A constitutionalist, Neil Gorsuch, was confirmed to the Supreme Court. Tax reform passed under budget reconciliation. The tax cut was smaller than Mr. Trump’s campaign plan ($1 trillion versus $5.9 trillion over 10 years) and ended double taxation of U.S. companies’ foreign profits.

Tensions emerged between congressional Republicans and Mr. Trump. They wanted him to quit talking about the Russia investigation and take tough action against Vladimir Putin. They opposed his flirtation with ending the North American Free Trade Agreement. They didn’t have to draft an infrastructure bill because he lacked a specific proposal.

Arrests of criminal illegal immigrants rose in fiscal 2017. The border wall is still “virtual” and Mexico refuses to pick up the tab. Russia remains mired in the Syrian civil war. It continues trying to destabilize Ukraine, undermine NATO and weaken U.S. influence. Angela Merkel was narrowly re-elected Germany’s chancellor. At the Oscars, “Moonlight” won best picture and Casey Affleck took best actor.

A few of my calls were close enough to count. Congress raised the debt ceiling in an ugly vote, but in March, not April. The populist wave fell short in Europe and Marine Le Pen lost in France, but to Emmanuel Macron, not François Fillon. The Dutch Party of Freedom is not in government, but it came in second (not first) in national elections.

The most disappointing of my 11 missed predictions was the Senate’s failure by a single vote to repeal ObamaCare. Also, the courts did not strike down the Consumer Financial Protection Bureau’s funding mechanism. Sanctuary cities haven’t been forced to turn over criminal aliens. There was no compromise on “Dreamers.” My friend Ed Gillespie wasn’t elected Virginia’s governor.

Six busted calls involved sports and movies. Clemson beat Alabama; the Patriots defeated the Falcons (my pick, the Cowboys, didn’t even win a playoff game); the Astros beat the Dodgers (who’d ousted my selection, the Cubs); and Russell Westbrook averaged a triple-double (I thought he’d fall short). Emma Stone, not Natalie Portman, won best actress, and “Thor” outclassed “Wonder Woman” at the box office.

Now to 2018. Republicans will modestly expand their Senate ranks, picking up two or three seats. Although the party in power has lost an average of 21 House seats since 1982, the GOP will retain the lower chamber by the narrowest of margins, with just over 220 seats. Republicans will drop to under 30 governorships and shed several hundred state legislative seats.

The Russia investigation won’t produce evidence of collusion between the Trump campaign and the Kremlin, but more indictments will come. Robert Mueller won’t be fired. His probe will largely wind down by year’s end but he won’t yet have formally concluded it. The report from the Senate Intelligence Committee will reveal the Obama administration’s fecklessness on Russian election meddling, leading to new legislation requiring a comprehensive response from the federal government to such interference.

China will sign more trade deals than the U.S. does.
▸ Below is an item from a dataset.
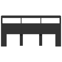 This headboard cabinet with LED, featuring a stylish design, gives your bed frame a stunning modern touch and is perfectly suitable in any bedroom. Durable material: The engineered wood is of exceptional quality with smooth surface and also features strength, stability and resistance to moisture.RGB LED lights: The bed headboard is equipped with vibrant RGB LED lights. With various customisable menus, you can effortlessly change the colour of the lights and even set them to adjust automatically. These LED lights not only enhance the contemporary look of the bed header but also add to its trendy appeal.Ample storage space: Featuring compartments and a sturdy top, the bed headboard cabinet is perfect for displaying your books, decorative items, picture frames and alarm clocks.Excellent support: The headboard for bed provides you with excellent back support when you sit up in bed to read or watch TV. Good to know:The delivery includes LED headboard only. The bed frame and mattress are not included. You can check our shop for the matching frames and mattresses.The product has a USB connector that requires a certified 5V USB power source (not included). Warning:To prevent it from tipping over, this product must be used with the provided wall attachment device.

Nafta will hang on, but barely. No trade deal will be concluded between the U.S. and Britain. America’s economy will expand by more than 3%.

After delays, Mr. Trump will sign a “Dreamer” fix this spring including significant resources for border enforcement. No $1 trillion infrastructure program will pass, but Congress will approve something more modest. Substantive entitlement reform will sputter out, though lawmakers will approve helpful small-ball welfare improvements.

Two or more areas of new or renewed geopolitical conflict will arise. China will grow more aggressive. Islamic State will increase large-scale terror attacks. War with North Korea won’t come, but by year’s end the Hermit Kingdom will have nuclear weapons and long-range missiles capable of reliably delivering them. A re-elected Mr. Putin will cause more problems for the West, including a major incident in Ukraine.

More research will emerge on the adverse effects of smartphones and social media on mental health and child development.